Scene Graph Generative Models

Beside the individual object perception, scene-level understanding and modelling is also important for capturing holistic information to guide the downstream tasks. Among scene representations, scene graphs offer an effective interface for industrial applications, such as VR/AR, by compactly abstracting scene context. For more information, please click each image below the paragraphs.

Controllable scene synthesis is one of the downstream tasks enabled by scene graphs. In this context, we introduce CommonScenes—the first scene graph generative model for 3D scene generation.

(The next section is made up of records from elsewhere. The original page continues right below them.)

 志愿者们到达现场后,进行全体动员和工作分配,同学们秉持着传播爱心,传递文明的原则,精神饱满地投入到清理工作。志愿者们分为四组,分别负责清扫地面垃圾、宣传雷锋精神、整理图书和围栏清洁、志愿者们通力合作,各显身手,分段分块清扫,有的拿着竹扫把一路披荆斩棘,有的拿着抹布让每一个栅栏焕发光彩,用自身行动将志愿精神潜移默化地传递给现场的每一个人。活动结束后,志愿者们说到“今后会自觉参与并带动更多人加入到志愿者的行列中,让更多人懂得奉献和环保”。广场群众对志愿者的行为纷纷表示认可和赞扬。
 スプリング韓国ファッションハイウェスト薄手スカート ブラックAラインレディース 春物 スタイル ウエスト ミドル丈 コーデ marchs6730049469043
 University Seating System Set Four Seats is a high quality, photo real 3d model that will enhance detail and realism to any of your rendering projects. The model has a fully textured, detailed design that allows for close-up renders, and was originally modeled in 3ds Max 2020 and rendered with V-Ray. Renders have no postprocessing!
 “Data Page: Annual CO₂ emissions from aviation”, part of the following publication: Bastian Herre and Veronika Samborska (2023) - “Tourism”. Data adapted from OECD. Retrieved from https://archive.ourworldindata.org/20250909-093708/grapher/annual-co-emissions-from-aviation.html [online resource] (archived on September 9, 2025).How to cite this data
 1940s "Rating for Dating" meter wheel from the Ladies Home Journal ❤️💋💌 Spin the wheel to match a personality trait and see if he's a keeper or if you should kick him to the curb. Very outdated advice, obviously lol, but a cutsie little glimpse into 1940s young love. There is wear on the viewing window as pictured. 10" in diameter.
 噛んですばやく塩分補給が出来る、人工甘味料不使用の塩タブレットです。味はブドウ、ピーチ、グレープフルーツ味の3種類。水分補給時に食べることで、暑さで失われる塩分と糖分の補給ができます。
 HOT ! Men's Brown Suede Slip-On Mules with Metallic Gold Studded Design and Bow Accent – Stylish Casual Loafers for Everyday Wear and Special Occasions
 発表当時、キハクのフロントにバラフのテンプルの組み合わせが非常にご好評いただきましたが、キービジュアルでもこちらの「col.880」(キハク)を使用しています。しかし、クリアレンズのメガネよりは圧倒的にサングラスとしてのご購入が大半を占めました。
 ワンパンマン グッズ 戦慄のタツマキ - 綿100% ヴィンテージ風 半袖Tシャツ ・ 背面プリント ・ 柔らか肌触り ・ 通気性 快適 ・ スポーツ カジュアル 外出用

CommonScenes integrates a VAE-based layout branch with a diffusion-based shape branch, where the generated shapes populate the generated layouts to synthesize complete 3D scenes.

CommonScenes
Methodology comparison between CommonScenes and others.
A follow-up to CommonScenes is EchoScene, a dual-branch diffusion model for scene generation. EchoScene employs information echos to condition the denoising process in each branch, ensuring the generation process is aware of global graph constraints and descriptions.
EchoScene
EchoScene: a dual-branch diffusion model conditioned on information echos.
In addition to VR/AR applications, scene generation can be extended to robotic manipulation. Accordingly, we designed SG-Bot, which uses scene graphs to represent goal states. Based on these goal graphs, SG-Bot generates scenes that serve as fine-grained goal states to guide robotic manipulation.
SG-Bot pipeline
SG-Bot uses scene graph and generated scene as the goal states.
While scene generation based solely on scene graphs ensures semantic compliance, scene graphs alone cannot capture geometric information. To address this limitation, we incorporate easily available image information into graph nodes to create a mixed-modality graph (MMG) that encapsulates multimodal data. MMG can represent five distinct inputs, and we further introduce MMGDreamer to process MMG, achieving geometry-controllable scene generation.
MMGDreamer
MMGDreamer supports multiple user inputs and transfers them to MMG and then generates scenes.
Beside the scene generation, scene graph can also be manipulated to further manipulate generated scenes. However, such modifications may introduce conflicts that negatively impact the performance of generative models. Additionally, these models require robust edge reasoning when incorporating new nodes into the graph. To address these challenges, we introduce SG-Tailor—a plug-and-play module that seamlessly integrates with existing generative models to enhance scene manipulation.
sg-tailor
SG-Tailor infers reasonable edges for added nodes, and solves conflicts when edges are changed.